Federalism Doesn’t Mean That States Can Do Whatever They Want

Cato and the Constitutional Accountability Center have filed another amicus brief in a marriage case, this one challenging Louisiana’s restriction of marriage licenses to opposite-sex couples and its non-recognition of out-of-state same-sex marriages. Filed in the U.S. Court of Appeals for the Fifth Circuit—where last month we filed in a case out of Texas—this is an appeal from the only ruling to uphold a state marriage law since the Supreme Court’s decision in United States v. Windsor struck down part of the Defense of Marriage Act. (A federal judge in Puerto Rico also recently upheld that commonwealth’s law.)

Our previous briefs, including in that Texas case and also regarding the marriage laws of Oklahoma, Utah, Virginia, Michigan, Tennessee, Kentucky, Indiana, and Wisconsin in the TenthFourth, Sixth, and Seventh Circuits, respectively, focused on the original public meaning of the Fourteenth Amendment’s Equal Protection Clause and its guarantee of “equality under law” for all. Here, however, we focus on federalism, democracy, and why states shouldn’t automatically get judicial deference when they pass legislation.

That is, the Fourteenth Amendment significantly reworked the constitutional order such that the U.S. Constitution now protects individual liberty against state infringement (which wasn’t the case before the Civil War). When the district court held that Louisiana was free to deny loving, committed same-sex couples the freedom to marry because the state “has a legitimate interest … for addressing the meaning of marriage through the democratic process,” it empowered the people of the states to use the democratic process to oppress disfavored minorities and thus overturned the constitutional order we’ve had since 1868.

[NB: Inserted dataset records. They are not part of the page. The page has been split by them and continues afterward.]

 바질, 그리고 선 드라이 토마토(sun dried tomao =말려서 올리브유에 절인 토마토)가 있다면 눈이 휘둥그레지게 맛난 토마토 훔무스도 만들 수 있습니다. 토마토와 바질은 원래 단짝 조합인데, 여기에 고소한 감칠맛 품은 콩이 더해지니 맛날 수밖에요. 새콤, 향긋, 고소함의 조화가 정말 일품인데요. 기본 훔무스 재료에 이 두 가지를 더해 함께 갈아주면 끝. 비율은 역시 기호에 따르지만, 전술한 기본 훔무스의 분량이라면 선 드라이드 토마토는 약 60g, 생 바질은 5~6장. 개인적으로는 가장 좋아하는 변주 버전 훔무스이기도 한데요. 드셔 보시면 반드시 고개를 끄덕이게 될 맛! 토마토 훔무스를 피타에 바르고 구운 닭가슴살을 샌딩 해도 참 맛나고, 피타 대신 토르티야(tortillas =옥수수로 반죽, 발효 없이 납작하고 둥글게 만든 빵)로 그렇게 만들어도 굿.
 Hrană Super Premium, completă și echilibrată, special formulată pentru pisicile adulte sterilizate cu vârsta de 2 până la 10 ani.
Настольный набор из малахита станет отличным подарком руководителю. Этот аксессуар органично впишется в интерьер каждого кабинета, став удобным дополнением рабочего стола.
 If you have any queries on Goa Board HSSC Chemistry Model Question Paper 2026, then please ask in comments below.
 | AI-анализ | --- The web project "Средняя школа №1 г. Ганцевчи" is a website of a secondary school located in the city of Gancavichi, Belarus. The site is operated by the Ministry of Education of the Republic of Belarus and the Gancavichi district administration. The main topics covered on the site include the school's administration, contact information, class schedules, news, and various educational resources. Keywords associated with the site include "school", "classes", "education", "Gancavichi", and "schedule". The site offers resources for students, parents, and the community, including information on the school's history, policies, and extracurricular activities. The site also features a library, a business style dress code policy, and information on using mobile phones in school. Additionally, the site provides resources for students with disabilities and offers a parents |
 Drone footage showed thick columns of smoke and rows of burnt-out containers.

Since the ratification of the Reconstruction-Era amendments, the Constitution has required states to respect fundamental constitutional principles, curtailing the power of majorities to violate individual rights. Consistent with these first principles, the Supreme Court has repeatedly recognized that constitutional guarantees that protect the individual from abuse by the government cannot be left to the democratic process.  As it said in the foundational case of West Virginia v. Barnette (1943), “[o]ne’s right to life, liberty, and property, to free speech, a free press, freedom of worship and assembly, and other fundamental rights may not be submitted to vote; they depend on the outcome of no elections.” The right to equal protection of the laws similarly trumps majoritarian rule. Indeed, if majority approval were enough to make state-sponsored discrimination constitutional, the Fourteenth Amendment would be a dead letter.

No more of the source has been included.